HMRC is fundamentally changing how sole traders and landlords report their income. Making Tax Digital for Income Tax Self Assessment (MTD for ITSA) is the biggest shake-up to the tax system in decades. Here is what you need to know to stay compliant.

1. What is MTD for ITSA?

Currently, most self-employed individuals file one tax return per year. Under MTD, you will be required to keep digital records of your income and expenses and send quarterly updates to HMRC using compatible software.

2. Who is Affected and When?

From April 2026, self-employed individuals and landlords with a total business or property income above £50,000 must comply. Those with income between £30,000 and £50,000 will follow in April 2027.

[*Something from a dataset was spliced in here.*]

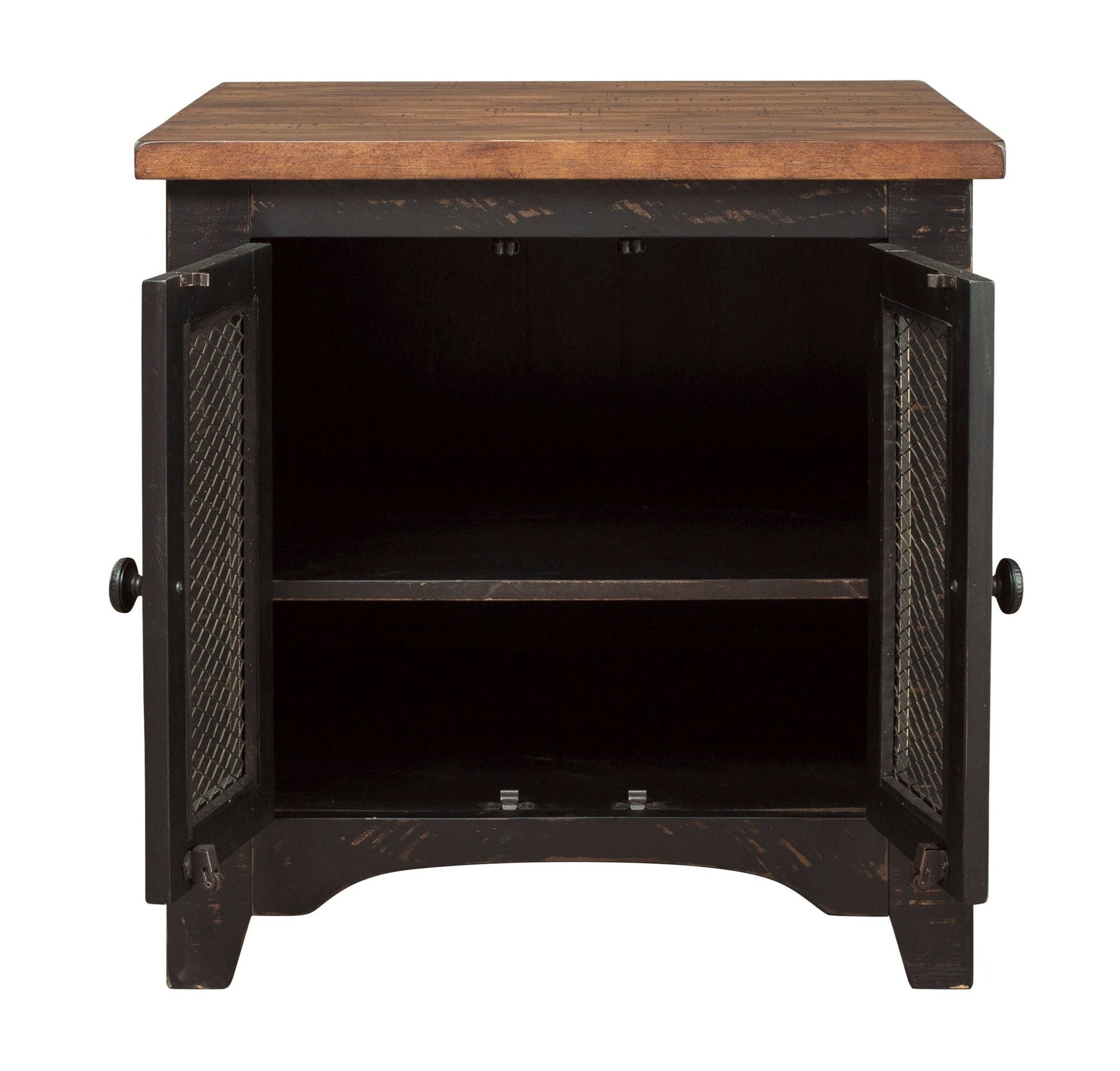 To those with an eye for the best in rustic farmhouse living, the two-tone Valebeck end table doubles up on charm. Designer touches include plank-effect styling, distress marks and wire mesh door fronts for added character.

💡 Pro Tip: Don't wait until the 2026 deadline. Transitioning to cloud software like Xero now will give you plenty of time to get used to digital record-keeping before it becomes a legal requirement.

3. Quarterly Updates vs. Annual Returns

Instead of a single "January rush," you will submit four summary updates per year. At the end of the tax year, you will then submit a final declaration to confirm your total income and claim any reliefs or adjustments.

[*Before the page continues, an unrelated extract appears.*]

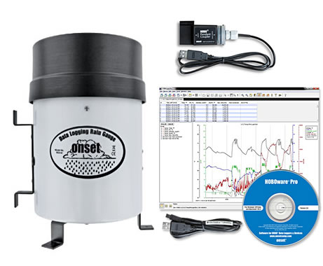 由Onset公司生产的HOBO 自记录雨量计 RG3-M 自带一个HOBO Pendant(UA-003-64)事件/温度记录仪,由纽扣式锂电池供电,可独立工作。采集器的内存可存储大约16000组数据。该系统可通过内部的翻斗式雨量计自动记录 3200mm 的降雨数据,用于确定降雨量、降雨时间和降雨持续时间。仪器顶部配备有数据接口,用于下载数据。

4. The Importance of Software

You can no longer use paper records or simple spreadsheets to file your taxes under MTD. You must use "functional compatible software" that can connect directly to HMRC’s systems via an API.

5. How to Prepare Now

Review your current bookkeeping methods today. If you are still using manual systems, now is the time to migrate to the cloud. This ensures your data is accurate, digital, and ready for the 2026 transition.